- _WORK INSTRUCTION_: Your answer must be an exact copy of the records below, with every picture left out.

(Entries taken from a collection)
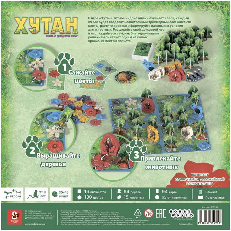 «Хутан» (что в переводе с индонезийского означает «лес») предлагает игрокам создать собственный трёхмерный тропический лес и увидеть, как он оживает прямо на игровом столе. В роли заботливых хранителей природы вы будете высаживать цветы, выращивать деревья и привлекать в свои владения животных, стараясь сформировать идеальные условия для жизни в джунглях. Каждое принятое решение влияет на то, насколько гармоничным и процветающим станет ваш участок леса к концу партии.
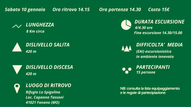 NB1: le ciaspole solo necessarie, anche in caso di poca neve o a tratti, per favorire la stabilità in caso di ghiaccio lungo il sentiero. Presso il Ristoro Lo Spigolino è possibile noleggiare le ciaspole a 10€ con bastoncini previa prenotazione.
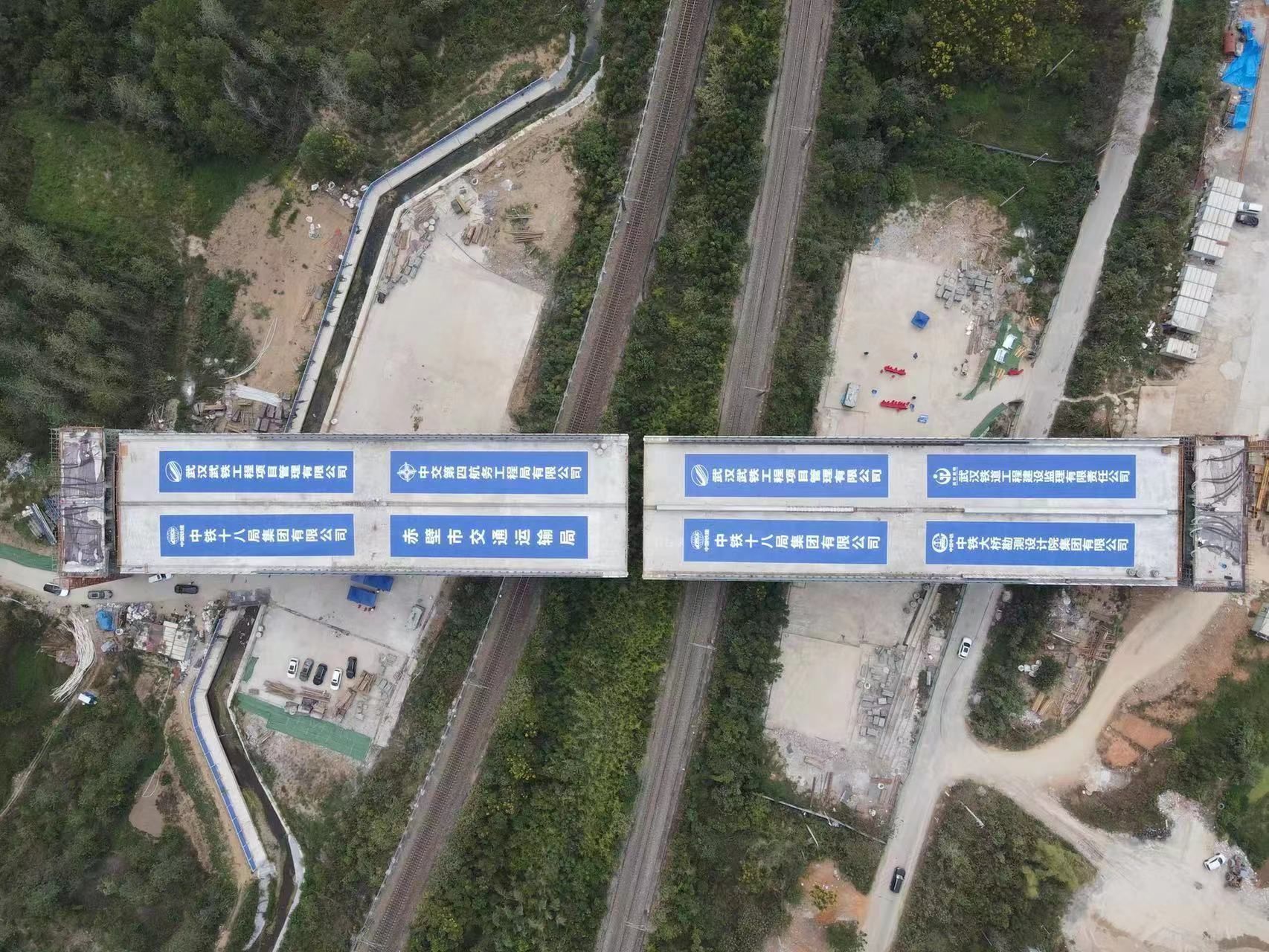 跨线桥位于赤壁市中伙铺镇,每座转体桥长220米,桥面宽26.7米,重达1.6万吨。此次桥梁转体时间短、转体重量大、安全风险高,同时,桥梁跨越京广铁路双线,对转体技术和精度的要求严格。负责此次桥梁转体施工的中铁十八局建设人员克服种种困难,抢抓铁路运行“天窗”时段,对转体过程进行实时跟踪,确保万吨重的桥梁平稳转体,同时最大程度减少对铁路线的干扰。
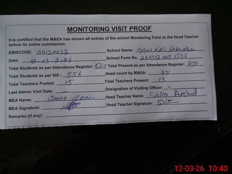 | EMIS Code: 34130032 | Name of School: GGHS KALI SUBA KHAN | |||
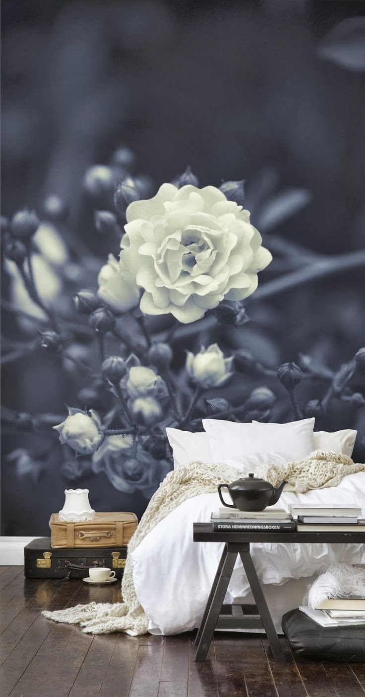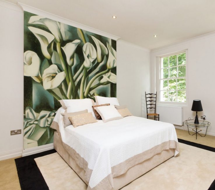 A variedade do mundo das flores é muito ampla, desde pastéis delicados a um brilho brilhante de cores, o que torna possível considerar o tema da flor bastante popular. Photowall de papel com a imagem de flores na cabeceira da cama escolhe, segundo as estatísticas, a cada 2 ou 3 clientes. Tal popularidade pode ser explicada pelo fato de que fotografia Flor para decoração de parede é muito fácil escolher um projeto de design de qualquer estilo.
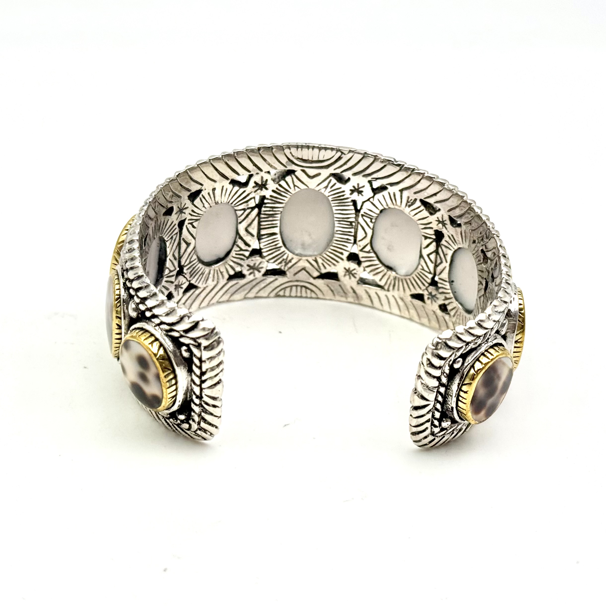 Magnifique manchette en argent massif 925 composé de 9 coquillages porcelaine tigrée ovales serties de laiton.

- _ANSWER BOX_:
 «Хутан» (что в переводе с индонезийского означает «лес») предлагает игрокам создать собственный трёхмерный тропический лес и увидеть, как он оживает прямо на игровом столе. В роли заботливых хранителей природы вы будете высаживать цветы, выращивать деревья и привлекать в свои владения животных, стараясь сформировать идеальные условия для жизни в джунглях. Каждое принятое решение влияет на то, насколько гармоничным и процветающим станет ваш участок леса к концу партии.
 NB1: le ciaspole solo necessarie, anche in caso di poca neve o a tratti, per favorire la stabilità in caso di ghiaccio lungo il sentiero. Presso il Ristoro Lo Spigolino è possibile noleggiare le ciaspole a 10€ con bastoncini previa prenotazione.
 跨线桥位于赤壁市中伙铺镇,每座转体桥长220米,桥面宽26.7米,重达1.6万吨。此次桥梁转体时间短、转体重量大、安全风险高,同时,桥梁跨越京广铁路双线,对转体技术和精度的要求严格。负责此次桥梁转体施工的中铁十八局建设人员克服种种困难,抢抓铁路运行“天窗”时段,对转体过程进行实时跟踪,确保万吨重的桥梁平稳转体,同时最大程度减少对铁路线的干扰。
 | EMIS Code: 34130032 | Name of School: GGHS KALI SUBA KHAN | |||
 A variedade do mundo das flores é muito ampla, desde pastéis delicados a um brilho brilhante de cores, o que torna possível considerar o tema da flor bastante popular. Photowall de papel com a imagem de flores na cabeceira da cama escolhe, segundo as estatísticas, a cada 2 ou 3 clientes. Tal popularidade pode ser explicada pelo fato de que fotografia Flor para decoração de parede é muito fácil escolher um projeto de design de qualquer estilo.
 Magnifique manchette en argent massif 925 composé de 9 coquillages porcelaine tigrée ovales serties de laiton.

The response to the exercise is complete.